After France bought USS Dunderberg and renamed her to Rochambeau, she was rearmed. She got four Canon de 27 C modèle 1864 and ten Canon de 24 C modèle 1864. The United States monitor Onondaga was re-armed with four Canon de 24 C modèle 1864 after she was acquired by France in May 1867.

=== Other French usage ===
On land, the Canon de 24 C modèle 1864 was of course used to arm a number of coastal defense batteries. However, the gun was also used in land battles during the Franco-Prussian War.

== Surviving examples ==

=== French ===
The 'La Valérie canon' is an object classed as movable cultural heritage. It was used during the Siege of Paris (1870–1871), taken to Berlin as a trophy in 1871, brought to Paris after World War I, moved back to Berlin in 1940 and brought to the French Army Museum at Les Invalides in 1947. In 1989 it was re-installed at Fort Mont-Valérien.

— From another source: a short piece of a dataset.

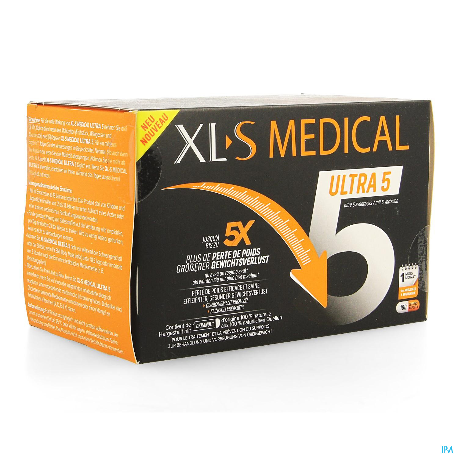 XL-S Medical Ultra 5, vetbinder met een actief bestanddeel van natuurlijke oorsprong Okranol™, hulpmiddel bij afvallen: verlies tot 5x meer gewicht dan met een dieet alleen* en bereik de eerste resultaten na 1 maand.

In 2004 a Canon de 24 C modèle 1864 was found in Papeete, capital of French Polynesia. It has since been mounted on a concrete base. Some images can be found at: Des canons du XIXe siècle... à Tahiti

=== Dutch ===
The 24 cm ijzer in the Nationaal Militair Museum of the Netherlands was originally placed at Willemstad. It was damaged when the previous artillery museum at Doorwerth Castle came under fire during the 1944 Operation Market Garden.

In July 2007 one of the 24 ijzer guns of Hellevoetsluis was unearthed at the beach. It has since been mounted at the fortress on a reconstructed carriage.